Karena itu, dia mengaku berpesan kepada dosen-dosen Fakultas Teknik UNS agar lebih baik merangkul wali kota dan DPRD yang merupakan penentu kebijakan. Kemudian para pejabat tersebut diajak bicara bersama tentang pelestarian bangunan kuno bersejarah.
"Para politisi yang sekarang itu yang menentukan lokasi yang akan dibangun atau dibongkar. Fenomena tersebut sudah berjalan, dan itu disebut metropolitik. Bahkan di Jakarta pun terjadi pembongkaran bangunan bersejarah, seperti gedung Kedubes RRC, lalu gedung Imigrasi hancur," ungkapnya.
Kalau di daerah karena tekanan pembangunannya tidak terlalu besar, tidak terlalu banyak bangunan bersejarah yang dihancurkan. Tetapi indikasi ke arah itu, menurutnya, sudah ada.
Stasiun
Lalu berapa persen bangunan kuno di Jateng yang masih bertahan atau yang sudah punah? Dia mengaku sulit menghitung prosentasenya. Tetapi secara umum, dia melihat masih banyak bangunan kuno yang bertahan, seperti stasiun-stasiun di Tegal, Tawang, Poncol, Balapan, yang masih berfungsi dengan baik.

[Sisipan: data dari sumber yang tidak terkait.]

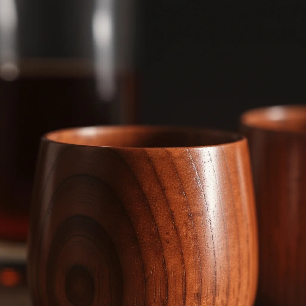 These aren't just glasses; they're conversation starters. Each one is handmade with a unique design and visible wood grain, transforming your drinking experience into a luxurious, one-of-a-kind ritual that truly stands out.

Selain itu bangunan-bangunan kantor Residen, seperti di Pekalongan, Banyumas, dan Magelang. Lalu, gedung-gedung tua yang digunakan untuk sekolah. "Kan banyak gedung sekolah peninggalan Belanda yang masih bagus. Silakan kalau ada kekurangan lalu membangun di belakangnya, tetapi jangan merusak bangunan tua yang ada di depannya," tuturnya.

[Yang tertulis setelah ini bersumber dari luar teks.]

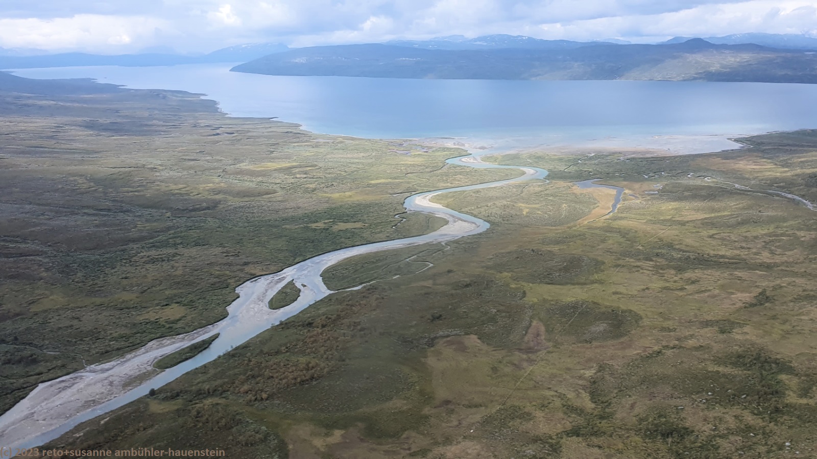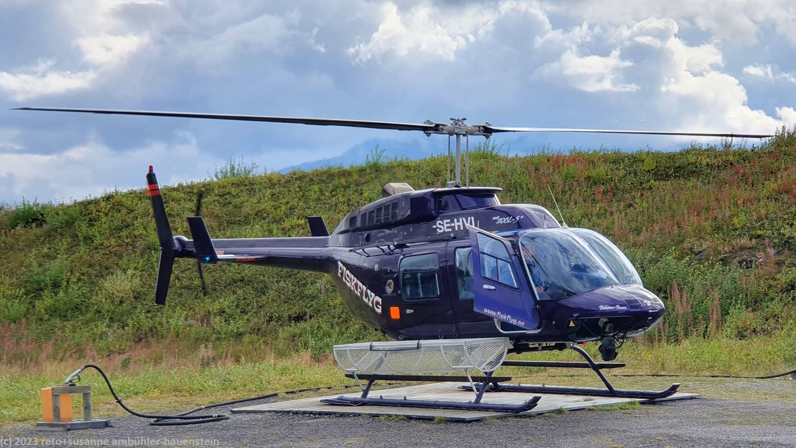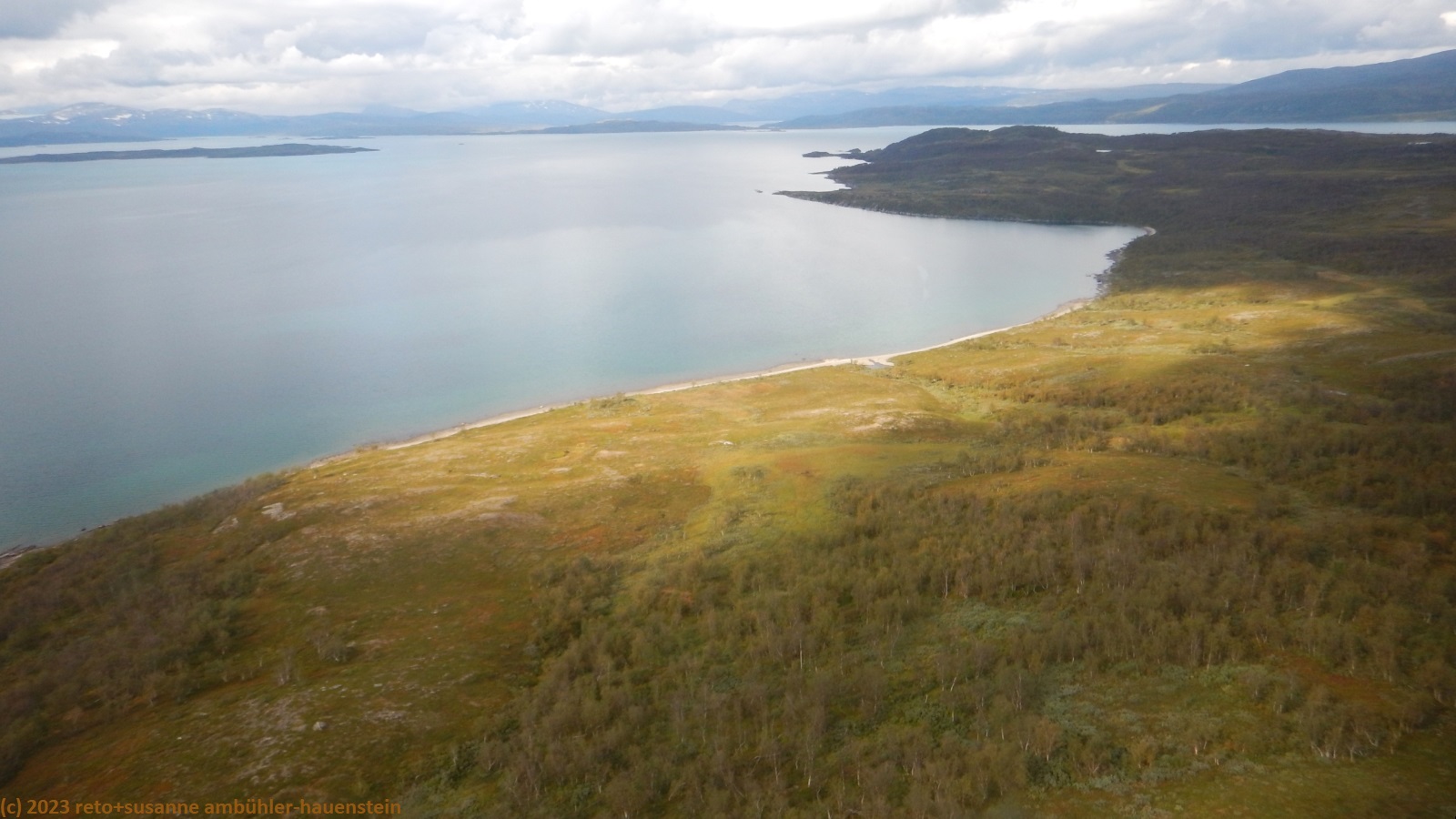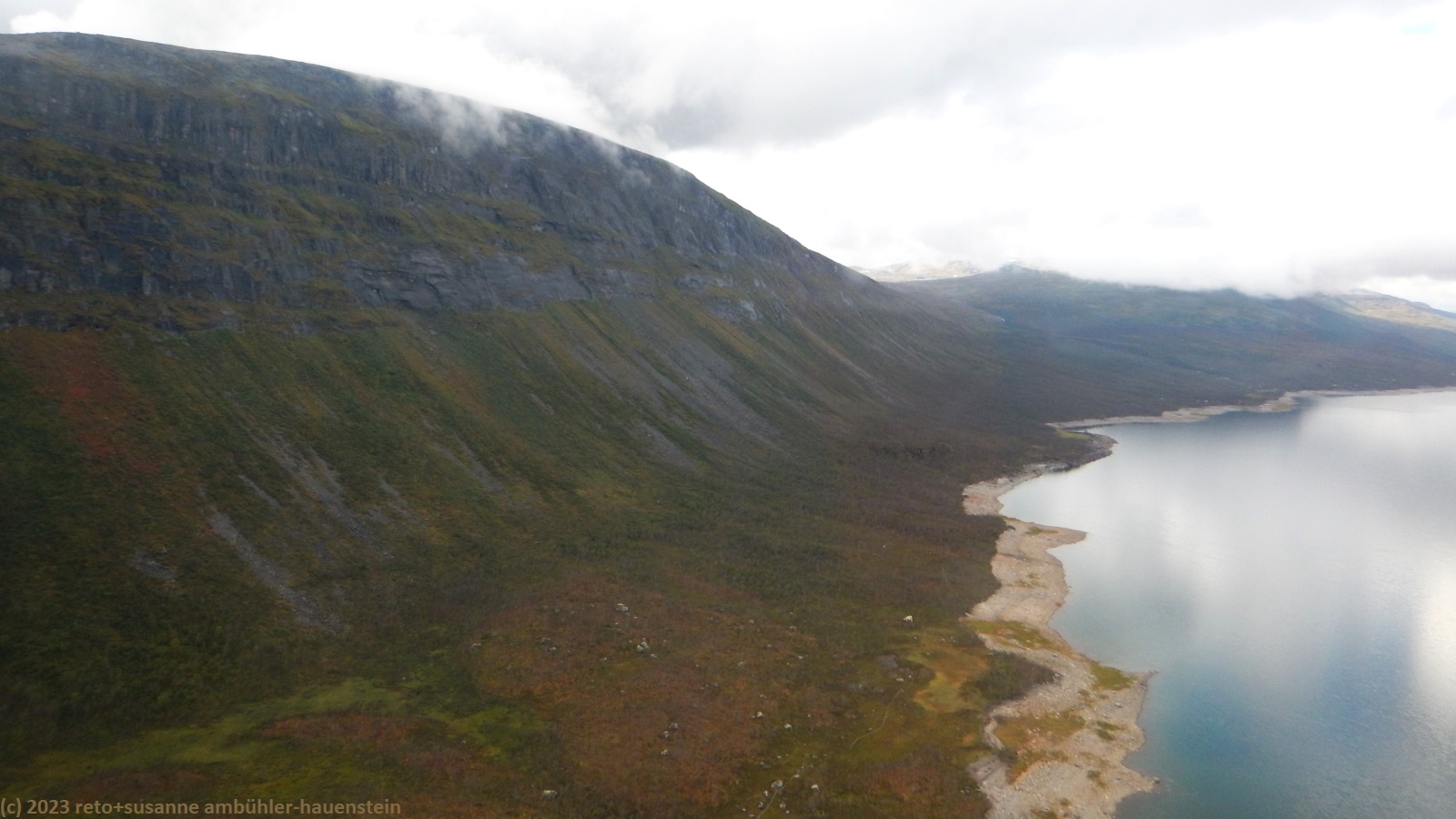 wir geniessen das mittagessen im freien, dann warten wir auf den heli. dieser kommt mit einigen minuten verspätung. wir erfahren, dass der flug gestern gar nicht wegen dem wind, sondern wegen nebel um 2.5h verspätet war. dies bleibt uns heute glücklicherweise erspart. zusammen mit einer flughelferin, zwei schwedinnen und uns als passagiere heben wir um 13:35 uhr ab. wie gewohnt fliegt der heli sehr tief. noch einmal haben wir gelegenheit, die tolle landschaft zu sehen, nun aus der vogelperspektive. bei einer kleinen siedlung am ufer des kutjaure machen wir eine zwischenlandung, um zwei pakete aufzunehmen. das wetter ist weiterhin recht freundlich, wenn auch ziemlich wolkig. um 14:15 uhr landen wir in ritsem.

Menyinggung aturan, menurutnya, sudah ada UU Cagar Budaya tetapi belum dijabarkan dalam perda masing-masing daerah. Di Semarang, ungkap dia, sudah mulai disusun raperda tersebut. "Perda mengenai pelestarian bangunan kuno bersejarah itu semestinya mendesak untuk segera dibuat. Solo semestinya juga ada, sehingga siapa pun yang jadi wali kota dan DPRD tak bisa seenaknya membongkarnya."
Pada kesempatan yang sama, koreografer Prof Sardono W Kusumo juga menyatakan sebenarnya sudah banyak aturan mengenai kelestarian bangunan bersejarah di Indonesia. "Untuk yang tidak disebut, yakni bagaimana aturan itu supaya dijalani. Sekarang kontrolnya pada siapa, sanksinya apa, siapa yang menjalankan monitoringnya. Jadi kelengkapan aturan itu yang tak dipikir," tandas Rektor Institut Kesenian Jakarta (IKJ) tersebut.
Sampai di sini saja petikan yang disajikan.